Как правило, данное заболевание чаще преобладает именно у мужчин, а поражает возрастную категорию старше 50 лет. Однако это вовсе не означает, что женские организмы вовсе не подвержены данному недугу. По уровню заболеваемости эта форма рака занимает второе место, являясь одной из самых распространенных патологий пищеварительной системы.

Если классифицировать данный диагноз, то можно выделить следующие формы:

  1. папиллярная, которая имеет самую благоприятную клиническую картину и поддается интенсивному лечению;
  2. инфильтративная, которая практически не поддается лечению, да и диагностировать ее весьма проблематично;
  3. узловая является так называемым «промежуточным звеном» по симптоматике и патогенезу между первыми двумя формами.

Этиология патологического процесса лежит в разнообразных заболеваниях органов ЖКТ, преобладающих в пораженном организме преимущественно в хронической форме.

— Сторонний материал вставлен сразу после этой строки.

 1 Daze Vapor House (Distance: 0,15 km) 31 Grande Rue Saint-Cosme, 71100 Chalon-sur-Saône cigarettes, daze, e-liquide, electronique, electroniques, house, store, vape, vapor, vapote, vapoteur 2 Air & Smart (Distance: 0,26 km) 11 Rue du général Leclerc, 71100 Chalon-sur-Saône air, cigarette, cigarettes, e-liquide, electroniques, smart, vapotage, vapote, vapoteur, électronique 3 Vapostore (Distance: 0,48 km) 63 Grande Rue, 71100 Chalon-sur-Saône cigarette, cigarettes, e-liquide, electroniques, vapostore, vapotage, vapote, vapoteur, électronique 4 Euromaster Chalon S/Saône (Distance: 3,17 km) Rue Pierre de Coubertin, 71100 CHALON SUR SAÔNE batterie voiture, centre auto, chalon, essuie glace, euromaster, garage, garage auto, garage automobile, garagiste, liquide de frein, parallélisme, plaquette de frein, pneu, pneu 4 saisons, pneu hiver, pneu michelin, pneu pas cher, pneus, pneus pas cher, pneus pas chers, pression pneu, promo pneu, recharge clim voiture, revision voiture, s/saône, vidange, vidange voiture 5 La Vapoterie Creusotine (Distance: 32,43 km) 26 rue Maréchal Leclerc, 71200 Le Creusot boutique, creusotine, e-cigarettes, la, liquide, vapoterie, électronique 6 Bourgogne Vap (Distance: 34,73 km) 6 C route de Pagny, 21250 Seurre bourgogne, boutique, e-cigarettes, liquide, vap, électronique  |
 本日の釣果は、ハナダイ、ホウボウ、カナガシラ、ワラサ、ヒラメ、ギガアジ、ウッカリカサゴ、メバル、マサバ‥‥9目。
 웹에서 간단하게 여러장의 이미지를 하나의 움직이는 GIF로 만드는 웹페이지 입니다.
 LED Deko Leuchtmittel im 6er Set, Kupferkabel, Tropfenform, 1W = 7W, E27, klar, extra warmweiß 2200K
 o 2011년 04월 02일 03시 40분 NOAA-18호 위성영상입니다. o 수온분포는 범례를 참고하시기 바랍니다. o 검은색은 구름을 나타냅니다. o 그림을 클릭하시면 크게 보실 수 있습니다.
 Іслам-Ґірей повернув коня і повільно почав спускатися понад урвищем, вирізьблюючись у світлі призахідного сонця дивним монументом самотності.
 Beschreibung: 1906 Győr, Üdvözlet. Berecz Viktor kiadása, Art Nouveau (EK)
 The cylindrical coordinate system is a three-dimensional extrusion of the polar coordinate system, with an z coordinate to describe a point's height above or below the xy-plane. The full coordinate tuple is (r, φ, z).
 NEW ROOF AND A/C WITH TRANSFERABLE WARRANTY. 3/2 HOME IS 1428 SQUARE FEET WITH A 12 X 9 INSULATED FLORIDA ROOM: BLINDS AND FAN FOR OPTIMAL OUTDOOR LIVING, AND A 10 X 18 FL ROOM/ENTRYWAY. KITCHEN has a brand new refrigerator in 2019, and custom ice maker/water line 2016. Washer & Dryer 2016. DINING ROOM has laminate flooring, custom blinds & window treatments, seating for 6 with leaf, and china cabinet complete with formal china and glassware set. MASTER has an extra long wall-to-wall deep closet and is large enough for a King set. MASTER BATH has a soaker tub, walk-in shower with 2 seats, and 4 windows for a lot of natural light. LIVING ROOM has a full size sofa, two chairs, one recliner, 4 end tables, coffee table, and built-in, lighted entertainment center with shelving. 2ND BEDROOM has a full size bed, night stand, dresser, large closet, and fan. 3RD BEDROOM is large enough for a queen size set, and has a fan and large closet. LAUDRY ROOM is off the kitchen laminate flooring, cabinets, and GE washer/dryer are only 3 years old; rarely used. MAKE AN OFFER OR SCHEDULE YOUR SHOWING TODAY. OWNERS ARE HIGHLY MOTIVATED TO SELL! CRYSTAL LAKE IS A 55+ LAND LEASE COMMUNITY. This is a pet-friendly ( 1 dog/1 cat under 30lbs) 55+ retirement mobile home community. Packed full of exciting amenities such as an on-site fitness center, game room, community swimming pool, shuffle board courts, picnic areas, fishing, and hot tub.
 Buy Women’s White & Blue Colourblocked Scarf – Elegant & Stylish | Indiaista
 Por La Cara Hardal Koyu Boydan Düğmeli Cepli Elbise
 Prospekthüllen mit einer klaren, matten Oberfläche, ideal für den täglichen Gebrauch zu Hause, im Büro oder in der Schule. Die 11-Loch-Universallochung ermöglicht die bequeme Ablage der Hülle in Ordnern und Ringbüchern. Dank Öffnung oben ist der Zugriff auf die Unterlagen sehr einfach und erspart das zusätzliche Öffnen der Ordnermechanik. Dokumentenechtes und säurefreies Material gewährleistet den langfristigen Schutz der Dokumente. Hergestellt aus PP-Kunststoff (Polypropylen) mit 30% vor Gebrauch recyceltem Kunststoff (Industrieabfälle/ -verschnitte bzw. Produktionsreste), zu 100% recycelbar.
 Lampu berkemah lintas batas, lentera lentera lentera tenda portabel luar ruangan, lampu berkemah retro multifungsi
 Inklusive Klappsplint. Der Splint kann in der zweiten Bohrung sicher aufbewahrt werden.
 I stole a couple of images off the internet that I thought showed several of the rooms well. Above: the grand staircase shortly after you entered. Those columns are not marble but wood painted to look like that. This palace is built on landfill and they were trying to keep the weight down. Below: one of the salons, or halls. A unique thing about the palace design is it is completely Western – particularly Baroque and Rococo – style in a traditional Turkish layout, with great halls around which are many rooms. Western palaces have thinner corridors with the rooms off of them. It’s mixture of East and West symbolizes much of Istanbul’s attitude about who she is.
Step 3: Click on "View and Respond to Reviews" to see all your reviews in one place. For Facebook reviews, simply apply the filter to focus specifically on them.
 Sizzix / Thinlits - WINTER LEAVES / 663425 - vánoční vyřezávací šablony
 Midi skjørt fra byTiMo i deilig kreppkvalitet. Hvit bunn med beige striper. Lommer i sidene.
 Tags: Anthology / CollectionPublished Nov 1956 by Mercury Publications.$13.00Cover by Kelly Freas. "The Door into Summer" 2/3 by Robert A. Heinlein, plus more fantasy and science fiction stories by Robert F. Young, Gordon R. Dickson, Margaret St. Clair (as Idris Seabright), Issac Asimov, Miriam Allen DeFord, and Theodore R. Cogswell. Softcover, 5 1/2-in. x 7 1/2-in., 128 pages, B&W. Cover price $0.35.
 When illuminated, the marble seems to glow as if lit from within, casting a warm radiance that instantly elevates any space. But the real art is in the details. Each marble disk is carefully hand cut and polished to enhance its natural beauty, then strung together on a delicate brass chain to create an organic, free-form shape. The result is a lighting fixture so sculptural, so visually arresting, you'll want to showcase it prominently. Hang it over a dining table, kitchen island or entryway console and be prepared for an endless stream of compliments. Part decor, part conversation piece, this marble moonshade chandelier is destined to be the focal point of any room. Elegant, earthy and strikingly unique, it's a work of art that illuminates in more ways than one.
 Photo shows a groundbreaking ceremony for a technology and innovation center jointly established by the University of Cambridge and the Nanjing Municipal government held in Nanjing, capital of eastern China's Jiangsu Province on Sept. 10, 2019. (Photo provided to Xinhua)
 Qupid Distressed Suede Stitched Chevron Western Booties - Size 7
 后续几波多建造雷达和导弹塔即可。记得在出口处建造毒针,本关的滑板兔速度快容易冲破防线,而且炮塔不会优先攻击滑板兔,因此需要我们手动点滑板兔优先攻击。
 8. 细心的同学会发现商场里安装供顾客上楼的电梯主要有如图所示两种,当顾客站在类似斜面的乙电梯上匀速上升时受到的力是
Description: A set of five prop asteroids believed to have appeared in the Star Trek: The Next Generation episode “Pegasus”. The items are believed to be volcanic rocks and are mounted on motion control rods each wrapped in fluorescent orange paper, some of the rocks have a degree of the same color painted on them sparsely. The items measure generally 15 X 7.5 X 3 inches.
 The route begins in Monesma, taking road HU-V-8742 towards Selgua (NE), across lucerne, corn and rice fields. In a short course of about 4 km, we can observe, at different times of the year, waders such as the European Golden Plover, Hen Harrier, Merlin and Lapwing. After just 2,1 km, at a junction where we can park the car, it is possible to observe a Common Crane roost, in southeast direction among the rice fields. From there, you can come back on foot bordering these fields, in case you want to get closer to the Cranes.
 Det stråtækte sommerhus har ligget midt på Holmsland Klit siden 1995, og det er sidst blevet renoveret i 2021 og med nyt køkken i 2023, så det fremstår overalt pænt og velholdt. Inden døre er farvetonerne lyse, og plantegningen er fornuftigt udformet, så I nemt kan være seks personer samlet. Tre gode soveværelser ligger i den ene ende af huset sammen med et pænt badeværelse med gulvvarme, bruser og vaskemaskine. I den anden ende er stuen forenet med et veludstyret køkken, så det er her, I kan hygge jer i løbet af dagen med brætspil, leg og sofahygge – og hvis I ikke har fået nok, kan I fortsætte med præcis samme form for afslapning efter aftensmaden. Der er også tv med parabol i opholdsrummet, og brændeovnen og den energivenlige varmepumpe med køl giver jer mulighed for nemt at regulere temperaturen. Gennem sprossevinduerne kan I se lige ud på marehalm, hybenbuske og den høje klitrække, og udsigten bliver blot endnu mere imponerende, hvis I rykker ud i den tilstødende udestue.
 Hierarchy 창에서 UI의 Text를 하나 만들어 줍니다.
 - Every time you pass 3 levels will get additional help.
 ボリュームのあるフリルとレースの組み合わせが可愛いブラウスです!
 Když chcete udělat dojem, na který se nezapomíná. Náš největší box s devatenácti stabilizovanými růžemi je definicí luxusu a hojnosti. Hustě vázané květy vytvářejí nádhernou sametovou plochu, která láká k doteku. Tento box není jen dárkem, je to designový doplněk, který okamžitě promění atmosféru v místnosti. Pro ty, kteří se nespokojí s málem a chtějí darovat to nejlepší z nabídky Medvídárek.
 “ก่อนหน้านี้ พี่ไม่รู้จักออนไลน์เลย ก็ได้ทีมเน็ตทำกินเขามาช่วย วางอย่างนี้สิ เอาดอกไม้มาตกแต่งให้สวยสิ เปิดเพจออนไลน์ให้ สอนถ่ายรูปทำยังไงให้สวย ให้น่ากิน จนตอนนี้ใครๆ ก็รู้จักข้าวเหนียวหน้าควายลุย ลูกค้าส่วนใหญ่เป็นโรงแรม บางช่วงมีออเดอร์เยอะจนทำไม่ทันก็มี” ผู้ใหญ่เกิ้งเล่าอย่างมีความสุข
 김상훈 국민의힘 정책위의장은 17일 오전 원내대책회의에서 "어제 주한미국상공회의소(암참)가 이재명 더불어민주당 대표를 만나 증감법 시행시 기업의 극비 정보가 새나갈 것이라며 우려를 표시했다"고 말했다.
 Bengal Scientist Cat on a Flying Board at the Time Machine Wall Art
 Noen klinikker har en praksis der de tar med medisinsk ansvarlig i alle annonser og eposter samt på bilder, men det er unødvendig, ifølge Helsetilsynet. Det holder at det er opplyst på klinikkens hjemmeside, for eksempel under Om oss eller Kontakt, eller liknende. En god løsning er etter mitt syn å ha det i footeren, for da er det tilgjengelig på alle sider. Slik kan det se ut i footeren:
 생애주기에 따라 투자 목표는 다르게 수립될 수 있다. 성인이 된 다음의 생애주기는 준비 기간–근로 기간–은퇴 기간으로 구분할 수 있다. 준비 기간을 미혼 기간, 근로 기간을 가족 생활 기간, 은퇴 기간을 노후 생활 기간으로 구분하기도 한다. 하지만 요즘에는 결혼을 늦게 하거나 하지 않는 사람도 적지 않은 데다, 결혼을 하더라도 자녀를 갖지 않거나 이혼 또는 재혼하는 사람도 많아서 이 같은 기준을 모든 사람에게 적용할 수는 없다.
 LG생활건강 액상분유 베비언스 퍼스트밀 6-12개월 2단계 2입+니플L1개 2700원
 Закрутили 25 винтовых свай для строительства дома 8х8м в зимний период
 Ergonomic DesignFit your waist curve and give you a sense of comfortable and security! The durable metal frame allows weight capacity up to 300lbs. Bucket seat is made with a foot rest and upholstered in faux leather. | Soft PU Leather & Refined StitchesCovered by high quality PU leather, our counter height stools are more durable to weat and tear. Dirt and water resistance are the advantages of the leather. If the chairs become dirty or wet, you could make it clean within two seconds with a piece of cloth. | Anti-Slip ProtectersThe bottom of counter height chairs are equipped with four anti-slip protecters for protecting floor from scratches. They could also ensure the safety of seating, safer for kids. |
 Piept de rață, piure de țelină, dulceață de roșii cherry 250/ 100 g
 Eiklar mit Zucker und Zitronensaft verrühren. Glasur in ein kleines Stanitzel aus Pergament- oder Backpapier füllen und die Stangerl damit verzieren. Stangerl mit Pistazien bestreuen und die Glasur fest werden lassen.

Прежде всего, это склерозирующий холангит, неспецифическй язвенный колит и холедохолитиаз, которые становятся прекрасной базой для дальнейшего формирования раковых клеток.

Также в группу риска входят пациенты, которые регулярно контактируют с такими ядовитыми веществами, как производные бензола и толуола.

Очень часто злокачественная опухоль имеет инфекционную этиологию, а провоцирует ее активность такого патогенного микроорганизма, как трематода Clonorchis.

Кроме того, болезнь стремительно прогрессирует в экологически неблагоприятных условиях и загрязненной местности, при неправильном питании пациента, а также в случае преобладания в организме острых воспалительных инфекций. Также не стоит упускать из вида генетическую предрасположенность, то есть опухоль желчевыводящих протоков может передаваться последующим поколениям по кровной линии.

Если своевременно не затормозить начавшийся патологический процесс, то наблюдается обширное поражение и метастазы печени. Именно поэтому знания о симптоматике так информативны для людей, которые пребывают в группе риска.

Как правило, все раковые клетки органов ЖКТ в стадии своего формирования ведут себя бессимптомно, то есть пациент продолжает считать себя абсолютно здоровым. Однако появление злокачественной опухоли в полости желчевыводящих протоков полностью меняет некогда безоблачную клиническую картину, а пациенту присущи очевидные симптомы, заметно угнетающие качество жизни и нарушающие привычный покой.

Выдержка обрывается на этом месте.